> **Information given**:
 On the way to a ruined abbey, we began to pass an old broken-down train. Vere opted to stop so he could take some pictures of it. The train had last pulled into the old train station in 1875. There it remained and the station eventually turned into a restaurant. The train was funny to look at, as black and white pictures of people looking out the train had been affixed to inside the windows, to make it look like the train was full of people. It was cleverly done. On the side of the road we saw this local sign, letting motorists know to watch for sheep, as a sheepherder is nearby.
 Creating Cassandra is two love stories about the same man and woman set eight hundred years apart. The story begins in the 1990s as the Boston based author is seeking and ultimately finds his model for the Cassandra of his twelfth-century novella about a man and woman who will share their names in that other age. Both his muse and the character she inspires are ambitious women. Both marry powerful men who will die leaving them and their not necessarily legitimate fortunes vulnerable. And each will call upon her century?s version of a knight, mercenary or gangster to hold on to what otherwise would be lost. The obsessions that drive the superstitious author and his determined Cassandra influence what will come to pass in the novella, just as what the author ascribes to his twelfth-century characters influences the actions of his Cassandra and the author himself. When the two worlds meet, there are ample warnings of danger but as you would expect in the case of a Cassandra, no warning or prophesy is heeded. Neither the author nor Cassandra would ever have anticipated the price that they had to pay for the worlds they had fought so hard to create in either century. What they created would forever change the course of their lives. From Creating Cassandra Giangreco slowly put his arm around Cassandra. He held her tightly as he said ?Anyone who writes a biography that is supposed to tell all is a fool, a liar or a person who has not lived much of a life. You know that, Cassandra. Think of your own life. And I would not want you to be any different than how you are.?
---
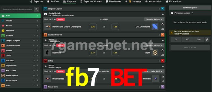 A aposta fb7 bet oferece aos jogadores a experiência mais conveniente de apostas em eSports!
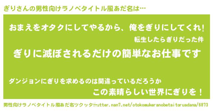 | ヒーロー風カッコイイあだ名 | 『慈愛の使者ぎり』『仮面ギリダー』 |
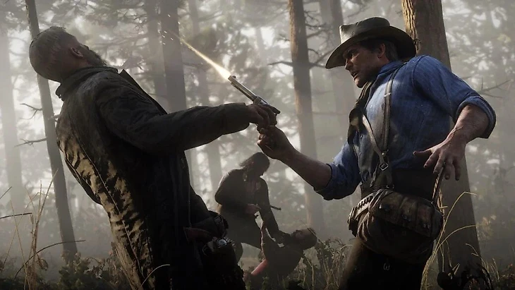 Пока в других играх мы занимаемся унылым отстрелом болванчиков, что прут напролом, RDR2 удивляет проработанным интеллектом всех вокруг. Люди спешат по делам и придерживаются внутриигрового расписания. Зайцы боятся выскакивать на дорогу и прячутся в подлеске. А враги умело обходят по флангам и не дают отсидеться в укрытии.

> **Task item**:
When copying from the data above, print only the lines from the line containing "A aposta fb7" to the line containing "Пока в других", exactly, and leave the pictures out.

> **Reply**:
 A aposta fb7 bet oferece aos jogadores a experiência mais conveniente de apostas em eSports!
 | ヒーロー風カッコイイあだ名 | 『慈愛の使者ぎり』『仮面ギリダー』 |
 Пока в других играх мы занимаемся унылым отстрелом болванчиков, что прут напролом, RDR2 удивляет проработанным интеллектом всех вокруг. Люди спешат по делам и придерживаются внутриигрового расписания. Зайцы боятся выскакивать на дорогу и прячутся в подлеске. А враги умело обходят по флангам и не дают отсидеться в укрытии.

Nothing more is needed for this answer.